Conclusion: The upshot of all this, is that, from analysis of the graphs, radiotherapy offers questionable benefits (if any), and may be harmful for low grade gliomas (chiefly astrocytomas), and that the claim that the progression-free interval is significantly lengthened (improved) and proved is flawed and should be disregarded.
· Knisely (2005) was not impressed with the study by van den Bent et al. (2005), claiming 3 main points for criticism :
a. The review of the histologies resulted in 74% being low-grade glioma, and 26% high grade (eg astrocytoma III/IV/GBM), so that the study had limited relevance in clinical practice. (The reader may recall the study by Blankenberg et al. (1995 see earlier), in which the tumour volume doubling time differed little between Grade II tumours and Grade III tumours, making the fine distinction less significant.

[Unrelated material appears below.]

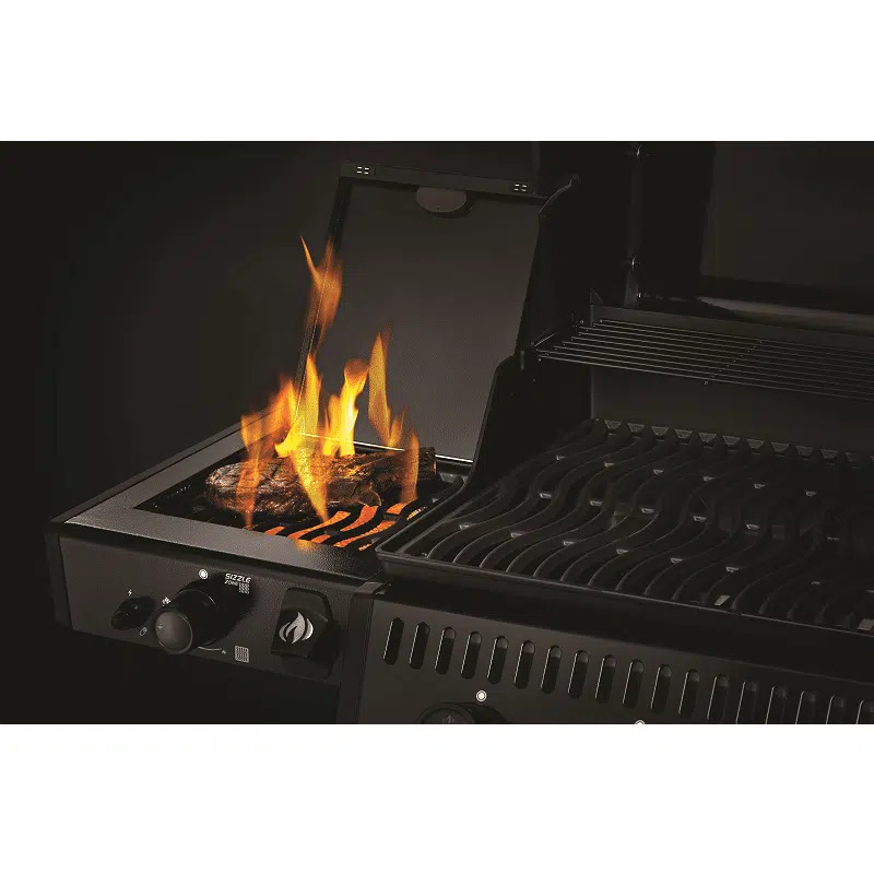 גריל גז מסדרת Legend של Napoleon, בתצורת עגלה ובשילוב כירת צד אינפרא אדום, מיועד למשתמשים שמחפשים פתרון מאוזן בין עוצמת חום, שימושיות יומיומית ואמינות מוכחת. ארבעת המבערים הראשיים מספקים פיזור חום אחיד ושליטה נוחה לאורך כל משטח הצלייה.
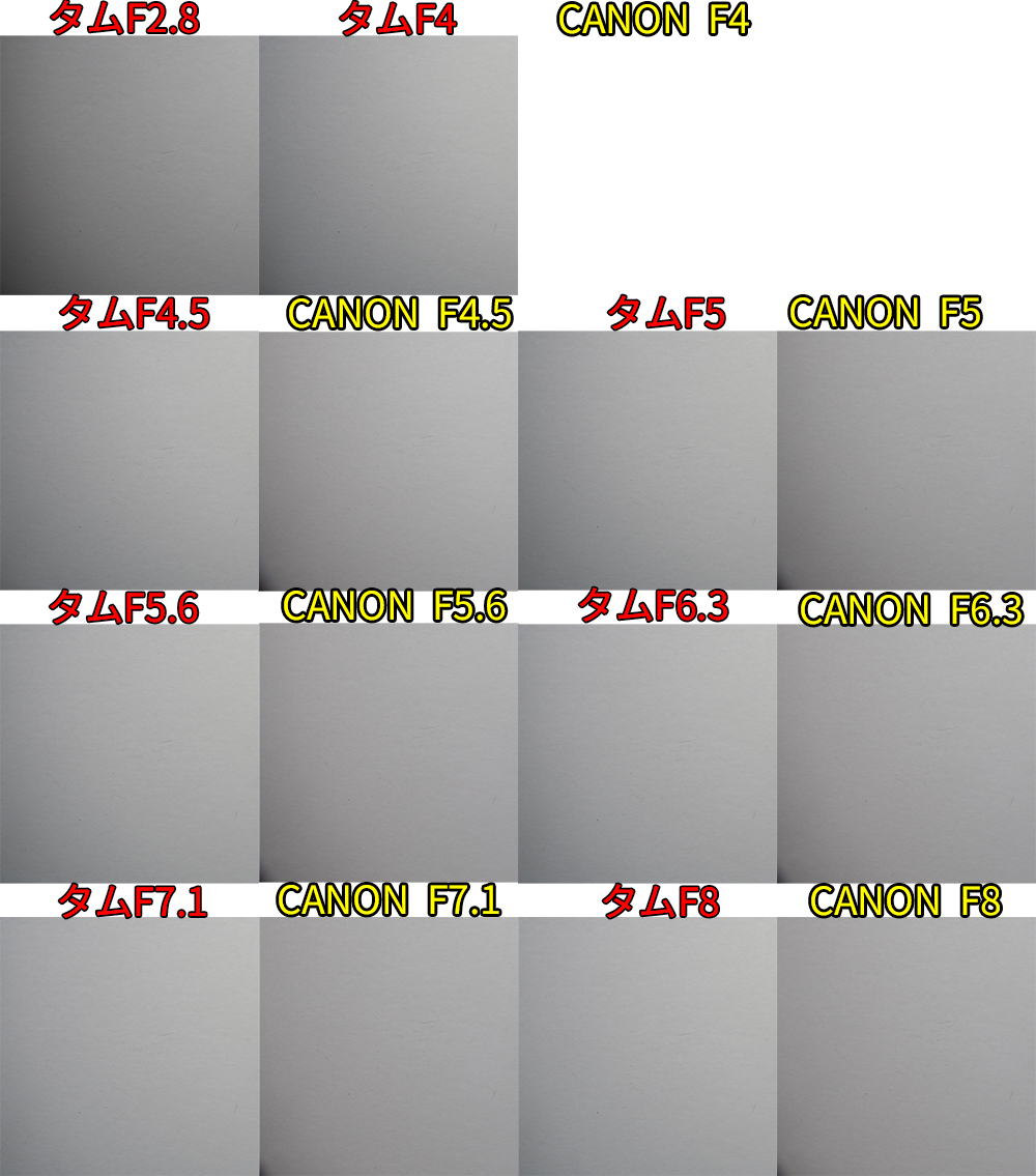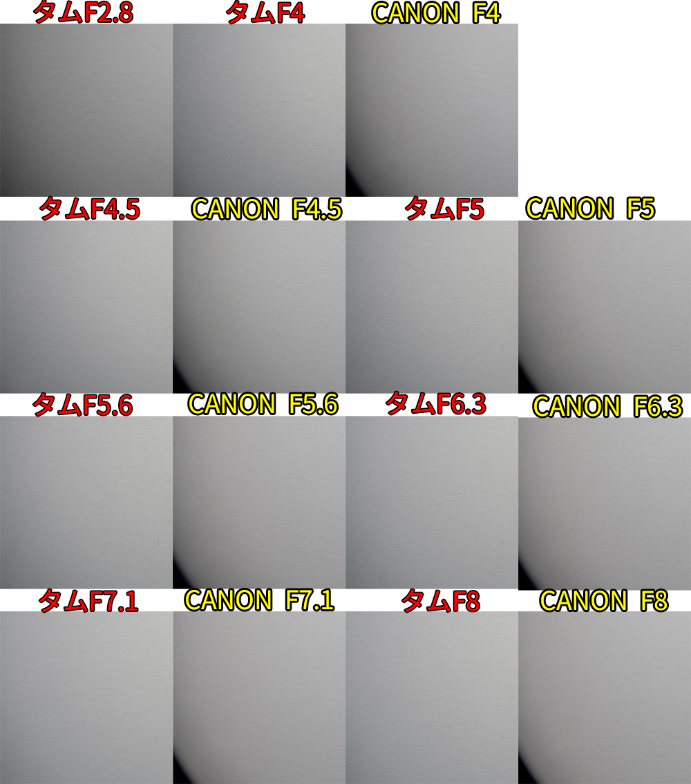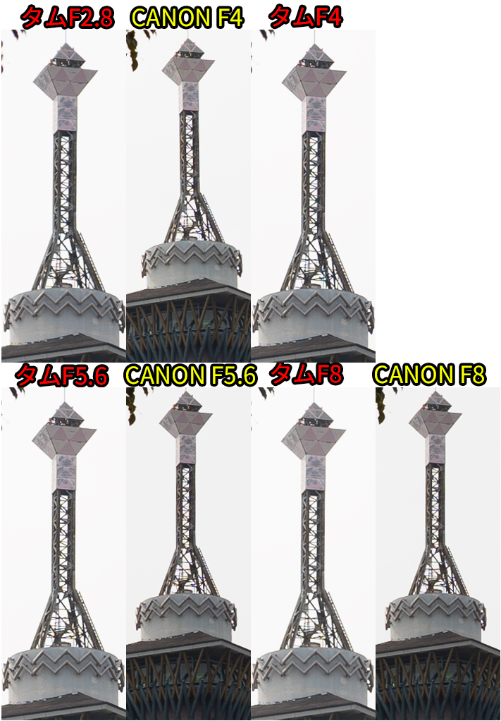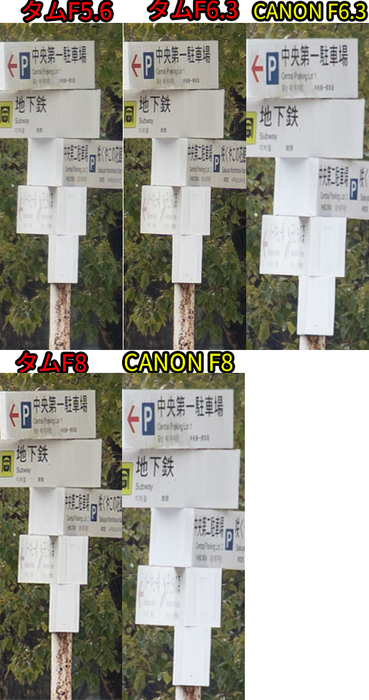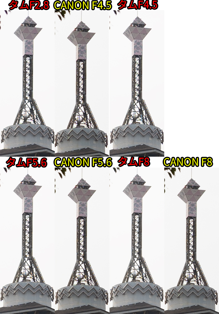 • F値開放ではCANON勝利。同じF値だとタムロンが勝利。F8まで絞ると互角

b. The survival of those with delayed radiotherapy (which occurred in some patients who had progressive disease, and not dealt-with in the graphs presented to date) was 3.4 year, whereas the survival of those who had early radiotherapy (the patients regarded as treated with the RT in the graphs hereinabove) was 1 year. Accordingly, close follow-up and radiotherapy for those with progression seemed appropriate.
c. The data should be reviewed and represented with separate low-grade and high grade glioma cohorts and, in future, the opportunity for a second neurosurgical review with consideration for another attempt at gross total removal.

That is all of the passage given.